Author: Liang Siqi Editor: Dong Yuqing
On February 25, DeepSeek, which opens its welfare, was dumped A king - Open source DeepEP, the world's first full-stack communication library for MoE models. Because it directly solved the anxiety of AI computing power, GitHub instantly soared 1,500 stars (referring to the collection volume), which shows the importance of the group frying in the circle.
Many people are curious about what DeepEP means? Imagine the express delivery station on Double Eleven: 2,048 couriers (GPUs) are crazy about carrying packages (AI data) between 200 warehouses (servers). The traditional transportation system is equivalent to letting the boys deliver goods through tricycles, and DeepEP The "magnetic levitation + quantum transmission" set is directly equipped with all employees to transmit information stably and efficiently.

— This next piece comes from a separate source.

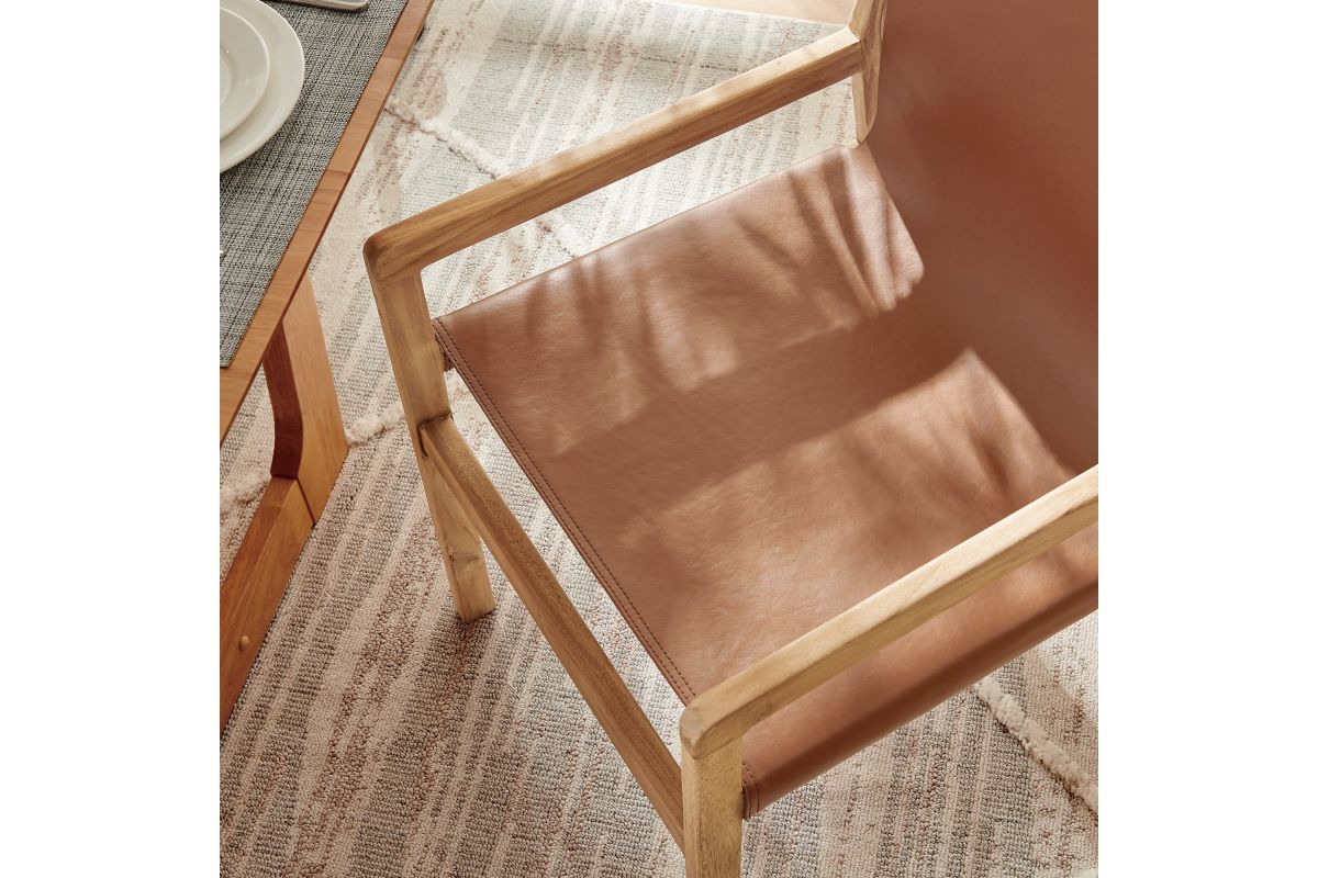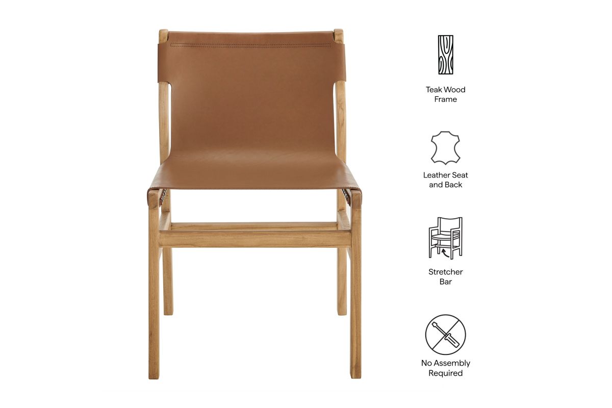 Bring timeless ease to your interior with the Sonora Teak Wood Leather Dining Chair. Designed with a refined silhouette and classic profile, this leather dining chair features a solid teak frame that highlights the wood’s natural grain while offering long-lasting support. The smooth leather seat and backrest provide structured comfort, making it a smart choice for meals, meetings, or casual seating throughout the home. Whether placed in a dining space, study, or hallway, this modern leather chair delivers a sculptural presence with warm materials and clean lines. Arrives Fully Assembled.

Feature 1: Directly change transportation rules
Nvidia on August 29, 2024 During the conference call, Huang Renxun once emphasized the importance of NVLink (a technology developed by NVIDIA that allows direct interconnection between GPUs, with a two-way mutual transmission speed of up to 1.8TB/S) for low latency, high output and large language models. , believes that it is one of the key technologies that promote the development of large models.
However, this blown NVLink technology was directly played to a new level by the team this time. The mystery of DeepEP lies in the optimization of NVLink, which means that between couriers in the same warehouse, transported by magnetic levitation tracks, with a speed of up to 158 containers per second (GB/s), which is equivalent to the distance from Beijing to Shanghai. Shorten the time to drink a sip of water.
Black technology second is the low-latency core of the RDMA technology it contains. Just imagine that goods are directly "quantum transmission" between warehouses in different cities, each The aircraft (network card) has a capacity of 47 containers per second, and it can also allow the aircraft to fly while loading, overlapping calculations and communications, and completely bid farewell to the shutdown waiting.
Feature 2: Intelligent sorting black technology: AI version of "the most powerful brain"
When goods need to be distributed to different experts (subnets in MoE models), traditional sorters have to unbox and inspect one by one, while DeepEP's "scheduling-combination" systemThe system is like having predictive ability: in the training of pre-filling mode, 4096 data packets are carried on the intelligent conveyor belt at the same time, and automatically identify the same city or cross-city pieces; in the inference pre-filling mode, 128 expedited packages are carried on the VIP channel, and delivered in 163 microseconds Blinking 5 times faster than humans. At the same time, dynamic rail change technology is used, and the traffic peak is in seconds transmission mode, perfectly adapting to different scenario needs.
Feature 3: FP8 "Bone Reduction Technique"
Standard Box for Ordinary Goods (FP32 /FP16 format) transportation, while DeepEP can compress cargo into micro capsules (FP8 format), and trucks can also load three times more cargo. What’s even more amazing is that these capsules will automatically return to their original state after they arrive at their destination, saving both postage and time.
This system has been measured in DeepSeek's own warehouse (H800 GPU cluster): the speed of freight in the same city has been increased by 3 times, and the cross-city delay has been reduced to a level that is difficult for humans to perceive. The most subversive thing is that it realizes the real "invisible transmission" - just like a courier who rides a bicycle and stuffs packages into the express cabinet, the whole process is smooth and smooth.
Now DeepSeek opens this ace, which is equivalent to making SF Express’s unmanned sorting system drawings public. It originally required 2,000 GPUs and now it has hundreds of them. It can be easily grasped by the platform.
Earlier, DeepSeek released the first result of its "Open Source Week": the code for FlashMLA (literally translated as the fast bull potential attention mechanism), It is also one of the key technologies to reduce the cost in the training process of large model. In order to alleviate the cost anxiety in the upstream and downstream of the industrial chain, DeepSeek is giving it all.
Previously, You Yang, the founder of Luchen Technology, posted on social media that "in the short term, the MaaS model may be the worst business model", and his simple estimate , if 100 billion tokens are output per day, the monthly machine cost of DeepSeek service is 450 million yuan, and the loss is 400 million yuan; the monthly income of AMD chips is 45 million yuan, and the monthly machine cost is 270 million yuan, which means the loss also exceeds that of 200 million yuan.